Analysis and Recommendations, Scheduling Threads

40555 Rev. 3.00 June 2006	Performance Guidelines for AMD Athlon™ 64 and AMD Opteron™
	ccNUMA Multiprocessor Systems

Chapter 3 Analysis and Recommendations

This section lays out recommendations to developers. Several of these recommendations are accompanied by empirical results collected from test cases with analysis, as applicable.

In addition to making recommendations for performance improvement, this section clarifies some of the common perceptions developers have about performance on AMD ccNUMA systems and, at the same time, reveals the impact of low level system resources on performance. The extent of the impact of these resources on the performance of any given application depends on the nature of the application. The goal is to help developers think like the machine when interpreting “counter intuitive” behavior while performance tuning.

While all analysis and recommendations are made with reference to the context of threads, they can also be applied to processes.

3.1Scheduling Threads

Scheduling multiple threads across nodes and cores of a system is complicated by a number of factors:

•Whether the system is idle.

•Whether multiple threads access independent data.

•Whether multiple threads access shared data.

3.1.1Multiple Threads-Independent Data

When scheduling multiple threads which access independent data on an idle system, it is preferable first to schedule the threads to an idle core of each node until all nodes are exhausted and then schedule the other idle core of each node. In other words, schedule using node major order first, followed by core major order. This is the suggested policy for a ccNUMA aware operating system on an AMD dual-core multiprocessor system.
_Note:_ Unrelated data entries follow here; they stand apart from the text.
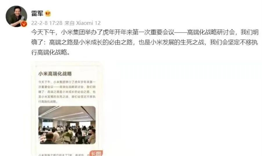 除了养汽车,小米再度宣誓将自己的老本行手机业务从“高性价比”转型为“高端化”,尽管早已打出了“高端化”的旗号,但是在高端化实践上,过去两年,小米高层似乎并不坚定,如今,小米集团正式组建高端化战略工作组,称三年内拿下国产高端手机市场份额第一。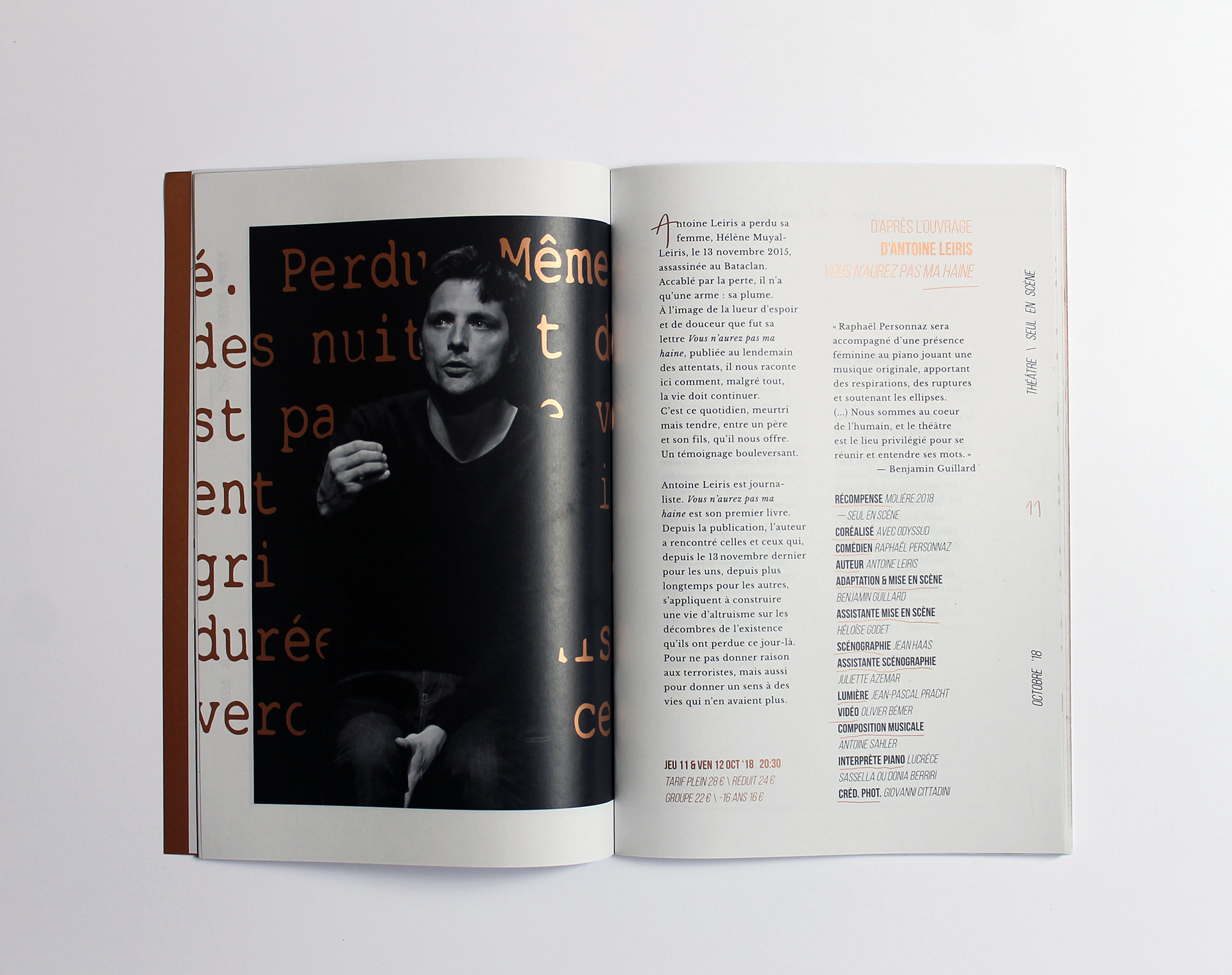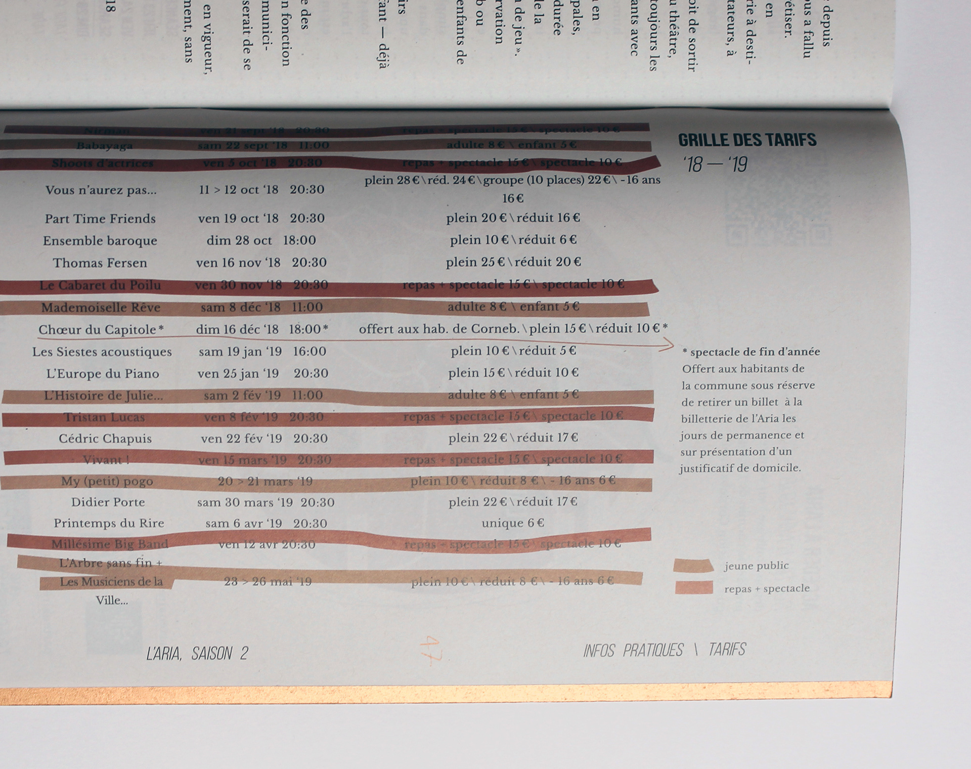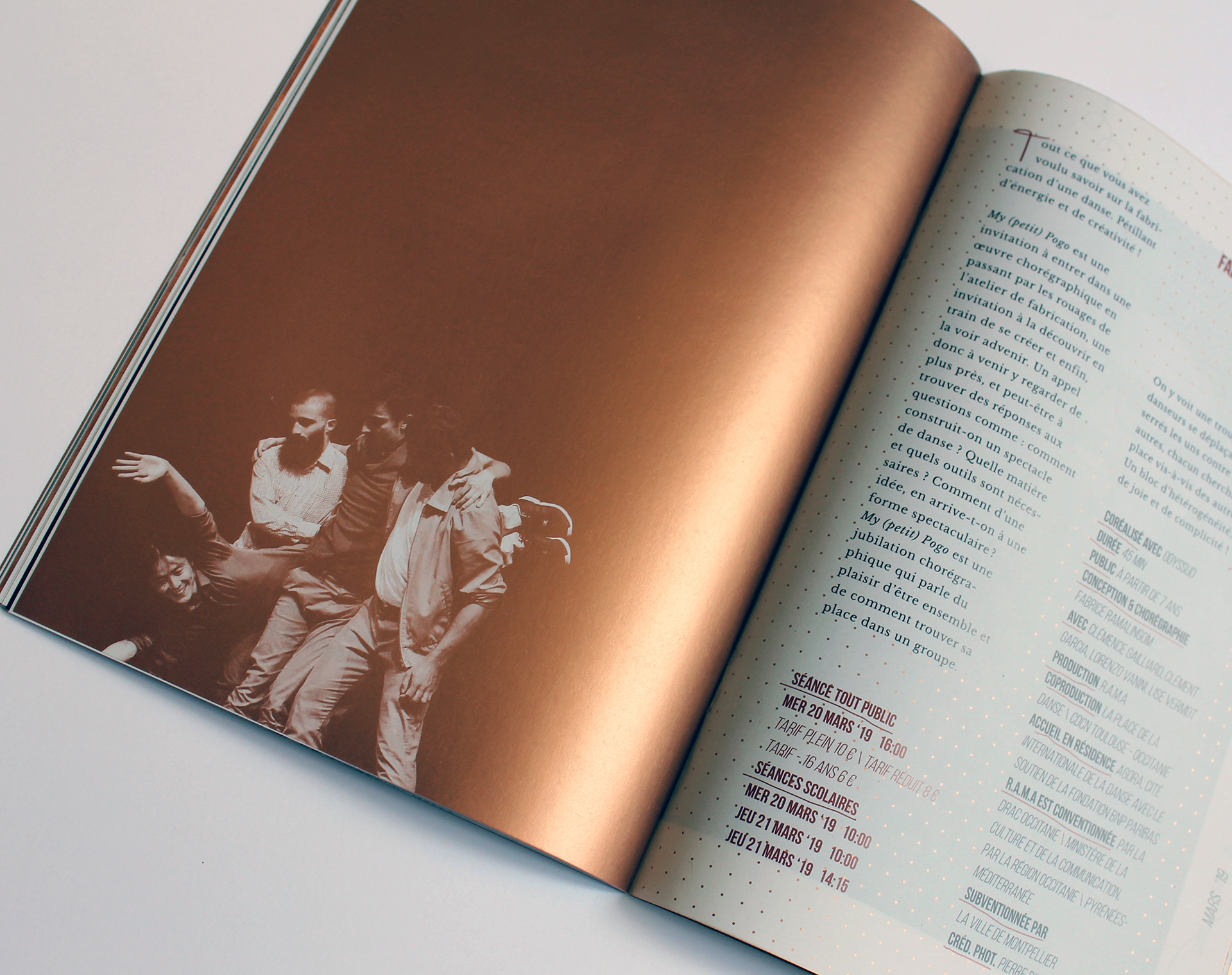 La brochure de 48 pages, véritable objet éditorial de valeur, allie finesse de réalisation et Pantone cuivré, pour être conservée et parcourue à loisir, comme un carnet précieux.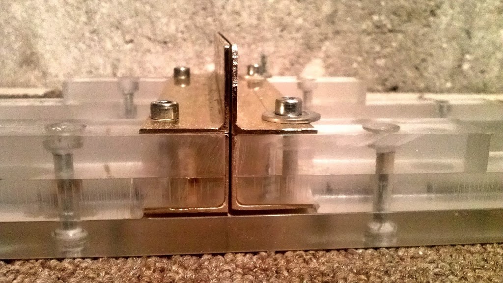 Materiały, to kawałek poziomicy/łaty odzyskany z uszkodzonej, PMM czyli polimetakrylan metylu - pleksi 10 mm, łruby imbusowe M6, sruby M8, pokrętła M6, łożyska 608 zz/1 zł/szt. na allegro/.

For example, when scheduling threads, which access independent data, on the dual-core Quartet, scheduling the threads in the following order is recommended:

•Core 0 on node 0, node 1, node 2 and node 3 in any order

•Core 1 on node 0, node 1, node 2 and node 3 in any order

The two cores on each node of the dual-core AMD Opteron™ processor share the Northbridge resources, which include the memory controller and the physical memory that is connected to that node. The main motivation for this recommendation is to avoid overloading the resources on a single node, while leaving the resources on the rest of the system unused—in other words load balancing.

Chapter 3 Analysis and Recommendations

64 specifications

AMD64 is a 64-bit architecture developed by Advanced Micro Devices (AMD) as an extension of the x86 architecture. Introduced in the early 2000s, it aimed to offer enhanced performance and capabilities to powering modern computing systems. One of the main features of AMD64 is its ability to address a significantly larger amount of memory compared to its 32-bit predecessors. While the old x86 architecture was limited to 4 GB of RAM, AMD64 can theoretically support up to 16 exabytes of memory, making it ideal for applications requiring large datasets, such as scientific computing and complex simulations.

Another key characteristic of AMD64 is its support for backward compatibility. This means that it can run existing 32-bit applications seamlessly, allowing users to upgrade their hardware without losing access to their existing software libraries. This backward compatibility is achieved through a mode known as Compatibility Mode, enabling users to benefit from both newer 64-bit applications and older 32-bit applications.

AMD64 also incorporates several advanced technologies to optimize performance. One such technology is the support for multiple cores and simultaneous multithreading (SMT). This allows processors to handle multiple threads concurrently, improving overall performance, especially in multi-tasking and multi-threaded applications. With the rise of multi-core processors, AMD64 has gained traction in both consumer and enterprise markets, providing users with an efficient computing experience.

Additionally, AMD64 supports advanced vector extensions (AVX), which enhance the capability of processors to perform single instruction, multiple data (SIMD) operations. This is particularly beneficial for tasks such as video encoding, scientific simulations, and cryptography, allowing these processes to be executed much faster, thereby increasing overall throughput.

Security features are also integrated within AMD64 architecture. Technologies like AMD Secure Execution and Secure Memory Encryption help protect sensitive data and provide an enhanced security environment for virtualized systems.

In summary, AMD64 is a powerful and versatile architecture that extends the capabilities of x86, offering enhanced memory addressing, backward compatibility, multi-core processing, vector extensions, and robust security features. These innovations have positioned AMD as a strong competitor in the computing landscape, catering to the demands of modern users and applications. The continuous evolution of AMD64 technology demonstrates AMD's commitment to pushing the boundaries of computing performance and efficiency.